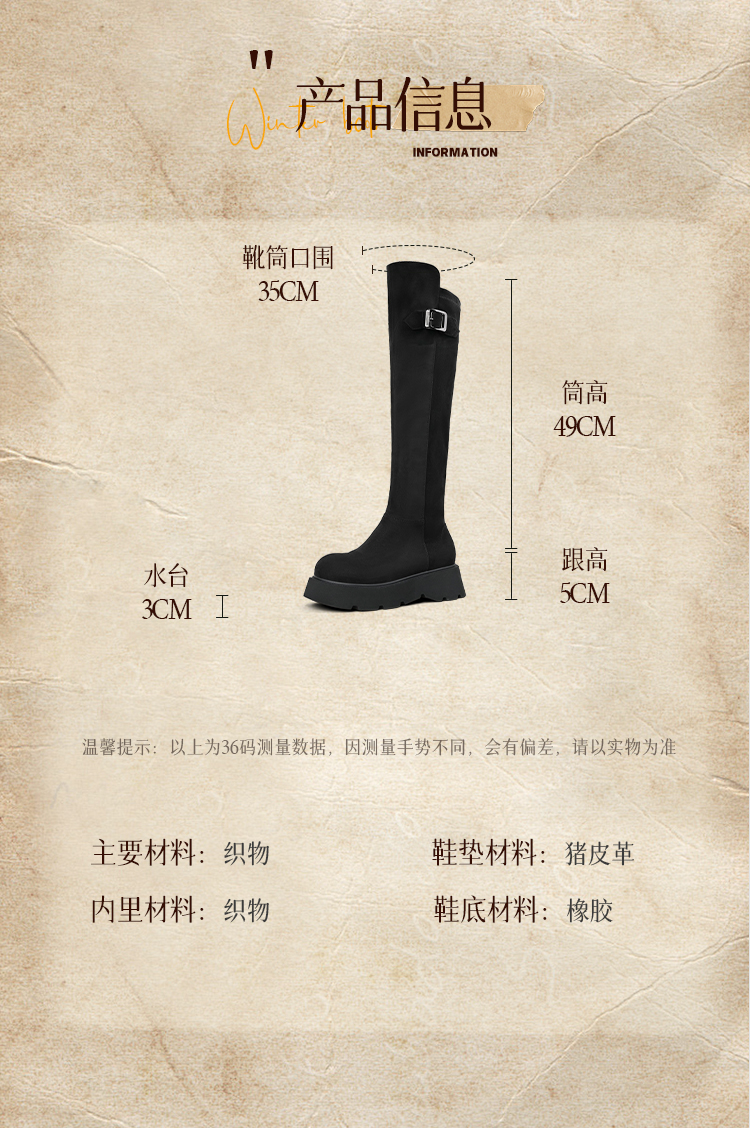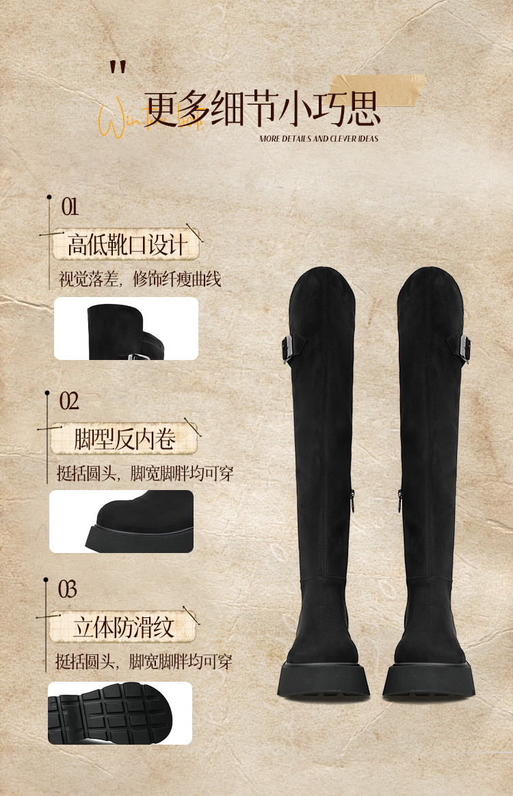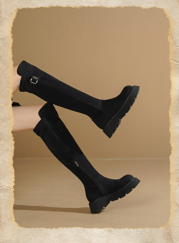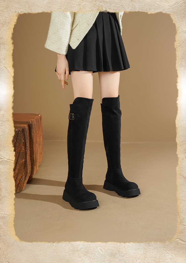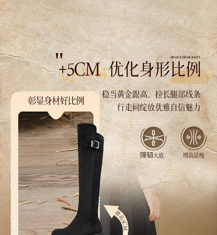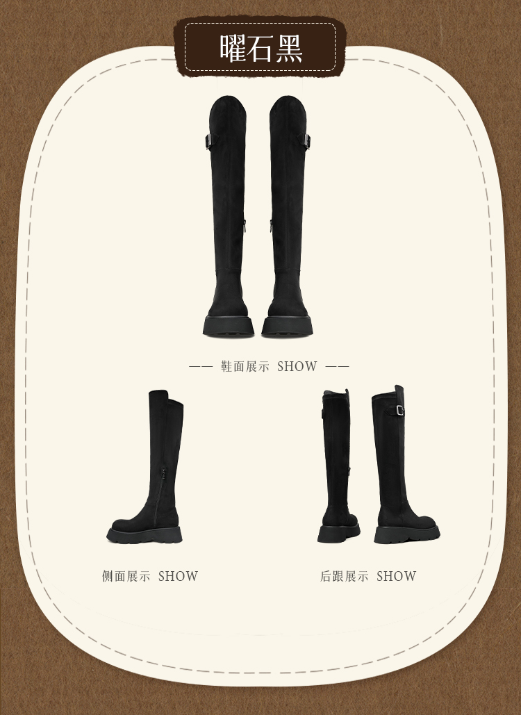 Safiya/索菲娅2025英伦风过膝不掉筒百搭粗跟增高弹力瘦瘦长靴SFD4117275
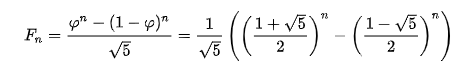 마지막으로 피보나치 수의 일반항을 이용하는 것이다. 이번 게시글을 작성하면서 새롭게 알게 된 내용이다.
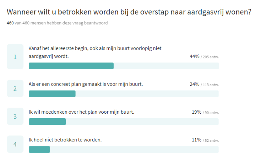 Als je de uitslag van deze enquête bekijkt dan lijkt het erop dat het nog een harde dobber wordt voor de gemeente Medemblik de inwoners ervan te overtuigen van de noodzaak van de overgang naar aardgasvrij wonen.
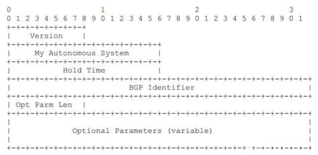 - BGP Identifier(类似于路由器标识符),用于区分不同的BGP设备或路由器建议采用路由器loopback地址作为标识符;

• _WORK INSTRUCTION_
Give an exact copy of the listing, without its pictures.

• _RESULT_
 Safiya/索菲娅2025英伦风过膝不掉筒百搭粗跟增高弹力瘦瘦长靴SFD4117275
 마지막으로 피보나치 수의 일반항을 이용하는 것이다. 이번 게시글을 작성하면서 새롭게 알게 된 내용이다.
 Als je de uitslag van deze enquête bekijkt dan lijkt het erop dat het nog een harde dobber wordt voor de gemeente Medemblik de inwoners ervan te overtuigen van de noodzaak van de overgang naar aardgasvrij wonen.
 - BGP Identifier(类似于路由器标识符),用于区分不同的BGP设备或路由器建议采用路由器loopback地址作为标识符;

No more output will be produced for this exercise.